Минервине было неприятно, что хозяин поднимается к ним наверх без предупреждения, что он смотрит на ребенка налитыми кровью, холодными глазами, полными упрека. «Он не любит ребенка, сеньора Бласа, достаточно посмотреть, как он на него смотрит», – говорила Минервина. И каждый раз, как сеньор Сальседо поднимался взглянуть, как ребенок спит, Сиприано весь остаток дня тревожился, капризничал и ежеминутно без всякой причины разражался плачем. Минервине все было ясно: дитя плачет, потому что отец внушает ему страх, оно пугается отцовских глаз, его черной траурной одежды, его угрюмой скорби.

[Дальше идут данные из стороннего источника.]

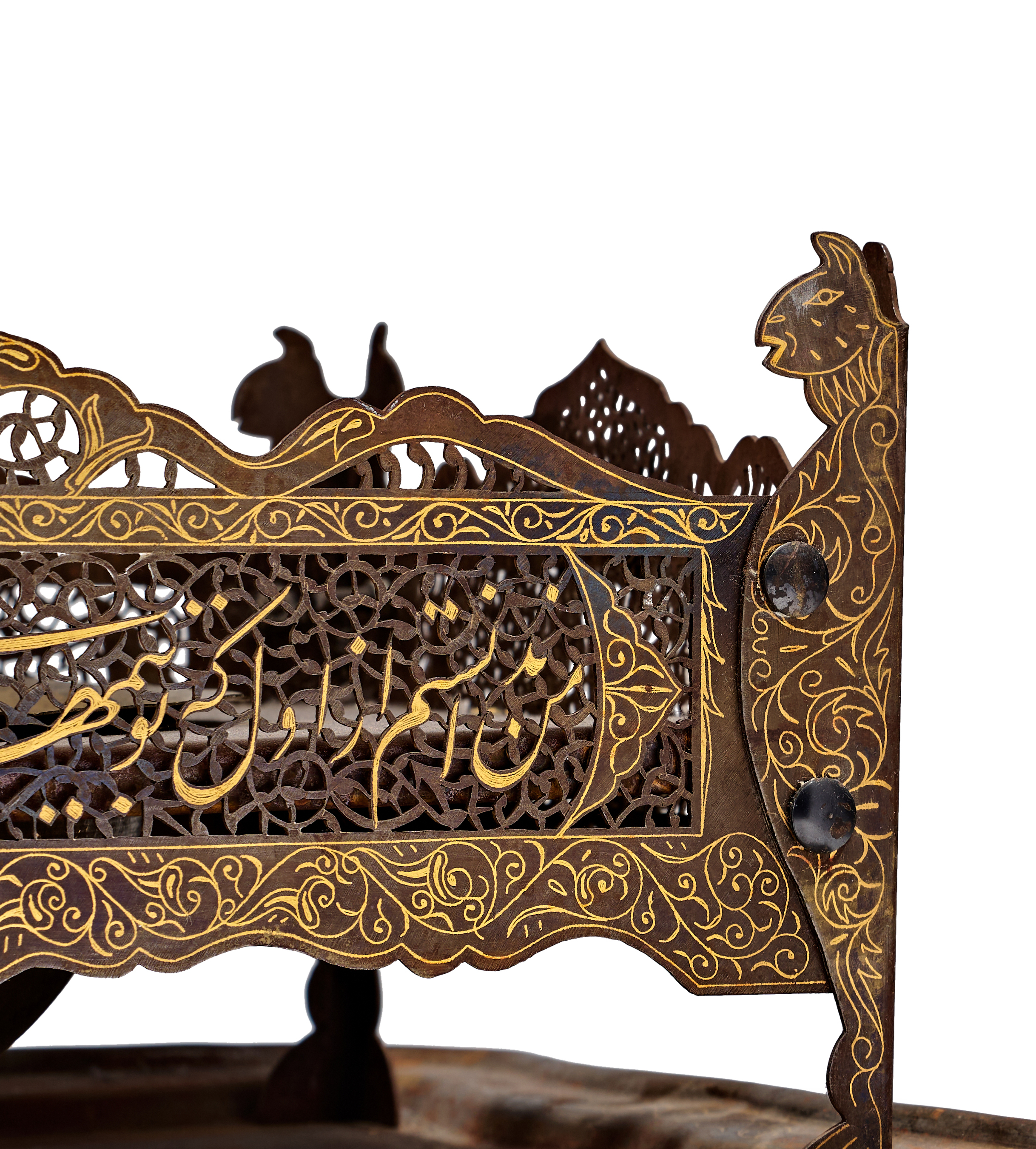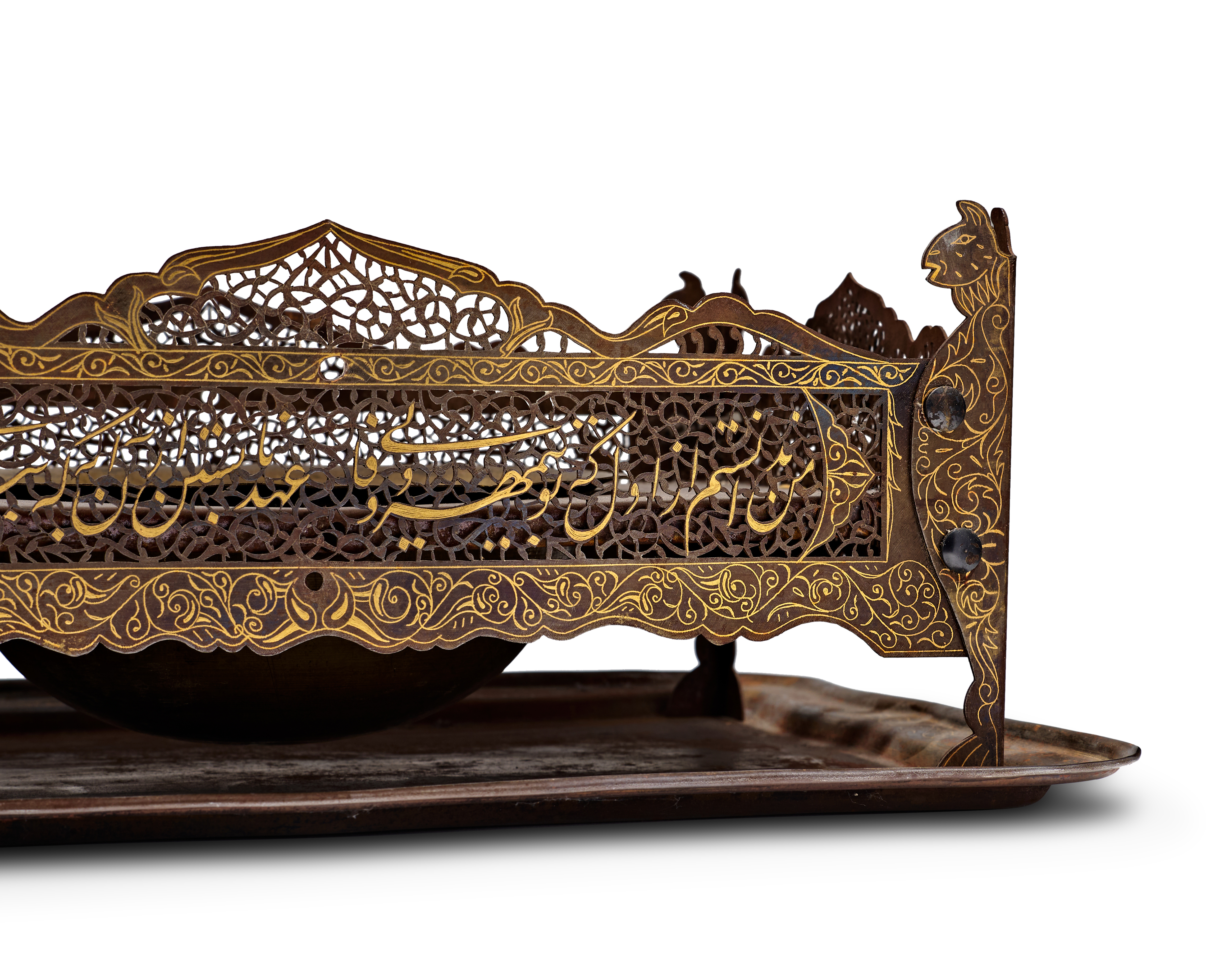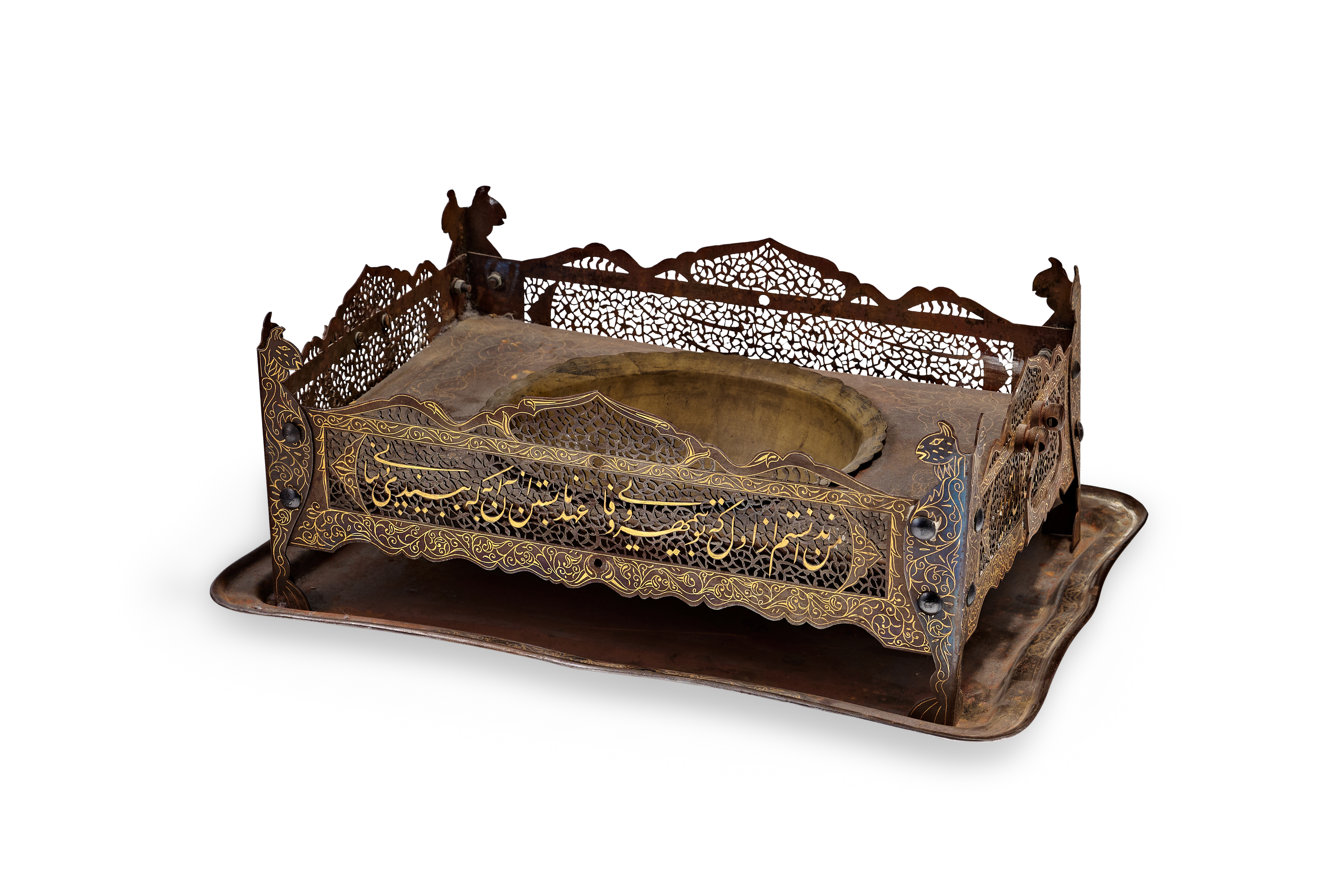 A Persian steel brazier and matching rectangular tray from the Qajar period. The assembly features a rectangular frame with intricate openwork pierced with arabesque and floral patterns, surrounding a central recessed bowl for hot coals or incense. The frame is supported by four integrated legs ending in stylized animal-head finials, possibly depicting felines. The exterior surfaces are decorated with gold-inlaid damascened scrolling foliate motifs and prominent Persian inscriptions in Nasta’liq script across the front panels. The matching tray features a raised, shaped rim.
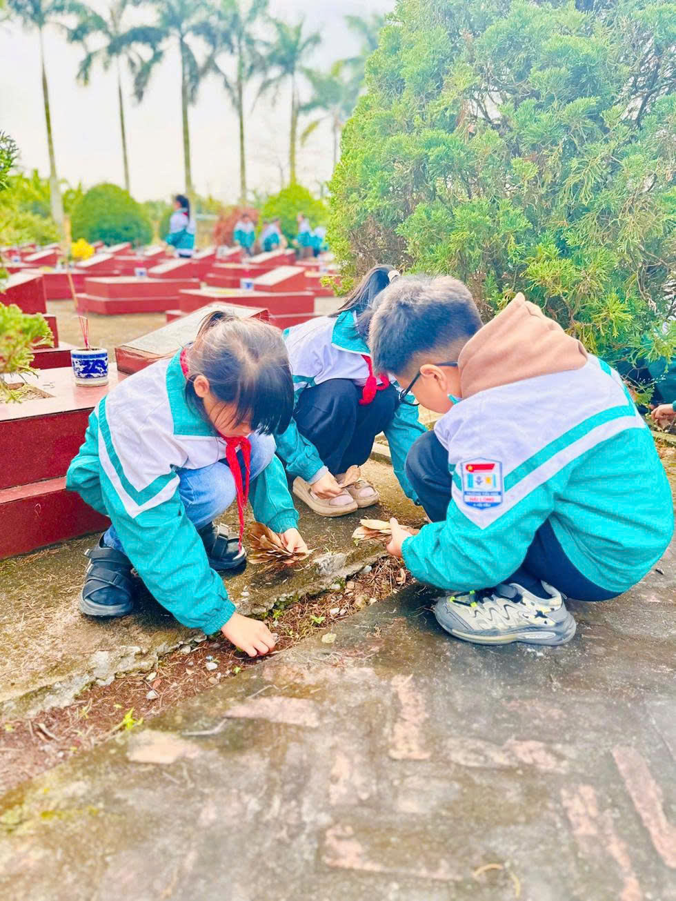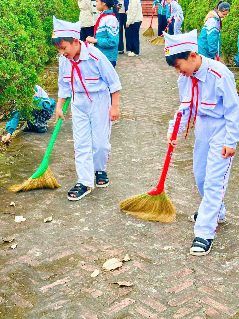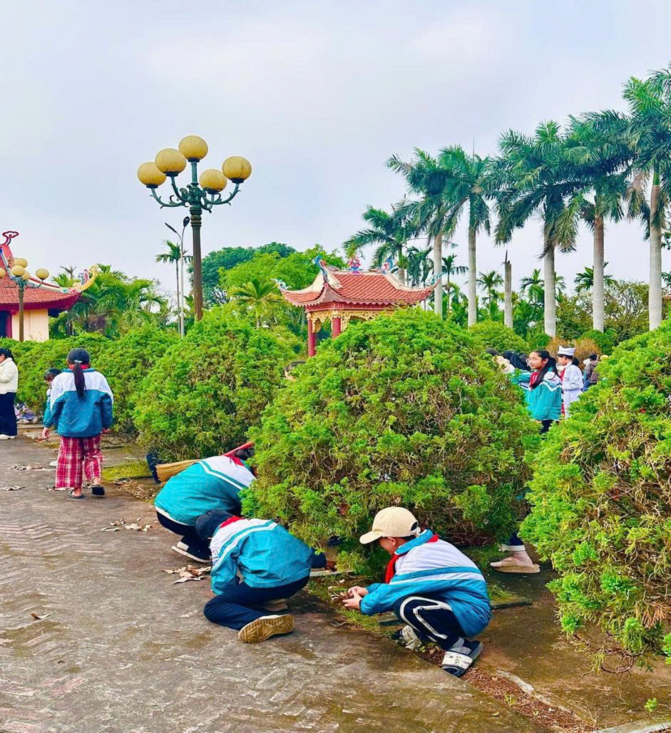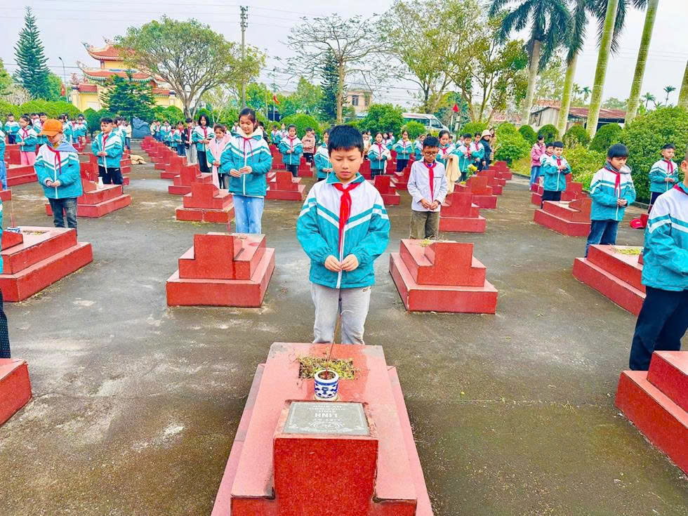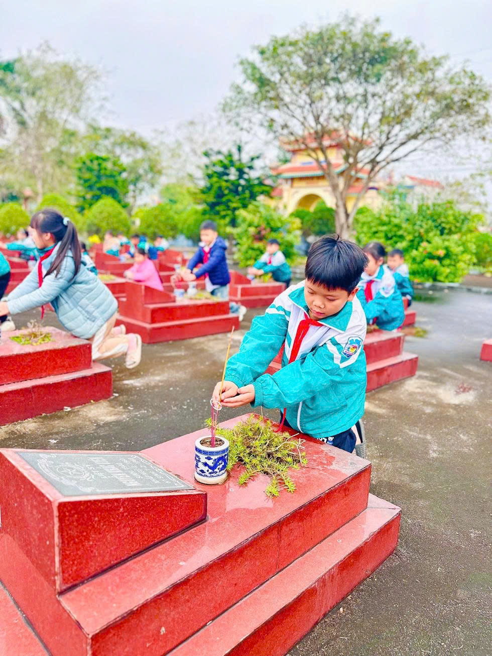Sau lễ tưởng niệm, các thầy giáo, cô giáo cùng các em học sinh tham gia lao động vệ sinh, chỉnh trang khuôn viên Nghĩa trang Liệt sĩ, góp phần giữ gìn cảnh quan sạch đẹp, thể hiện tinh thần trách nhiệm và đạo lý “Uống nước nhớ nguồn” của thế hệ trẻ và thắp hương tại từng phần mộ Liệt sĩ, thể hiện tấm lòng thành kính, sự biết ơn sâu sắc của thế hệ hôm nay đối với những người đã ngã xuống vì Tổ quốc.
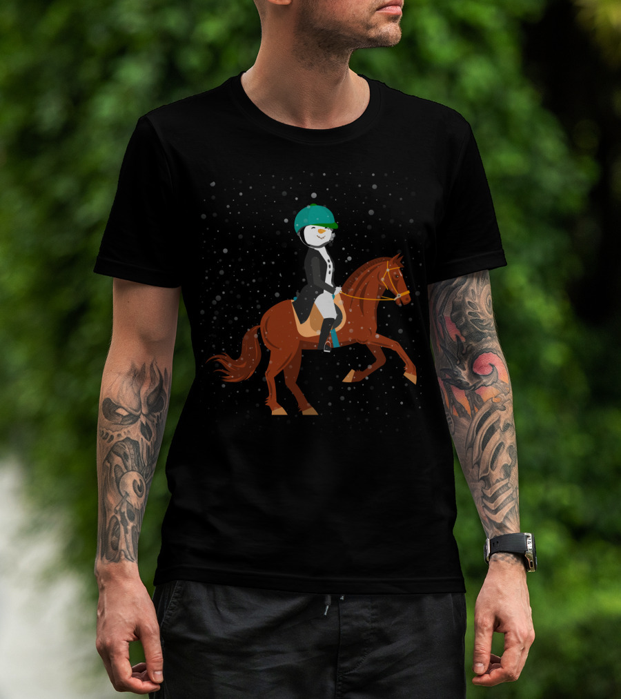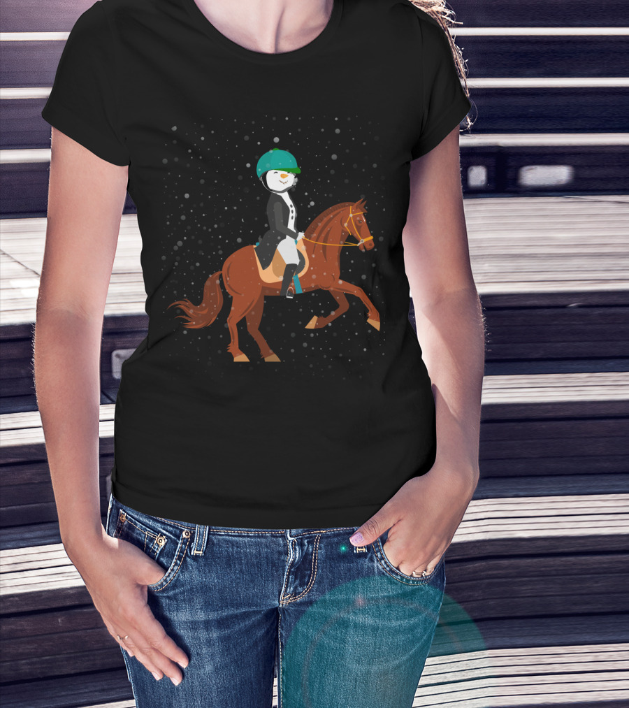 Funny Snowman Horse Riding In Winter Wonderland T-Shirt

Зато когда наступал вечер, во время купания, Минервина болтала со своими подружками о всяких новостях, а ребенок тем временем резвился в круглой латунной ванночке, шлепал по воде ладошками и, всякий раз как нянюшка выжимала губку на его лобике и струйки воды текли по щекам, он счастливо отдувался. Закончив купание, Минервина укладывала малыша на полотенце, разложенное у нее на коленях, тщательно натирала благовониями и одевала. И в такие минуты, глядя на розовое тельце Сиприано, она и Бласа говорили о том, какой он крохотный, и Бласа ворчливо объясняла, что ребенок мелкий, но не худой, – просто косточки у него тонкие, как рыбьи.
Притворное безутешное горе дона Бернардо и подлинное отчуждение по отношению к сыну пробуждали в Минервине все более теплую привязанность к малышу. Она с наслаждением смотрела, как жадно он сосет ее розовые соски, как играет своими ручонками, как радостно гулит, весь в ее власти. Когда она держала его на руках, ей иногда чудилось, будто ее сынок не умер, будто это он лежит у ее груди, и она обязана за ним ухаживать.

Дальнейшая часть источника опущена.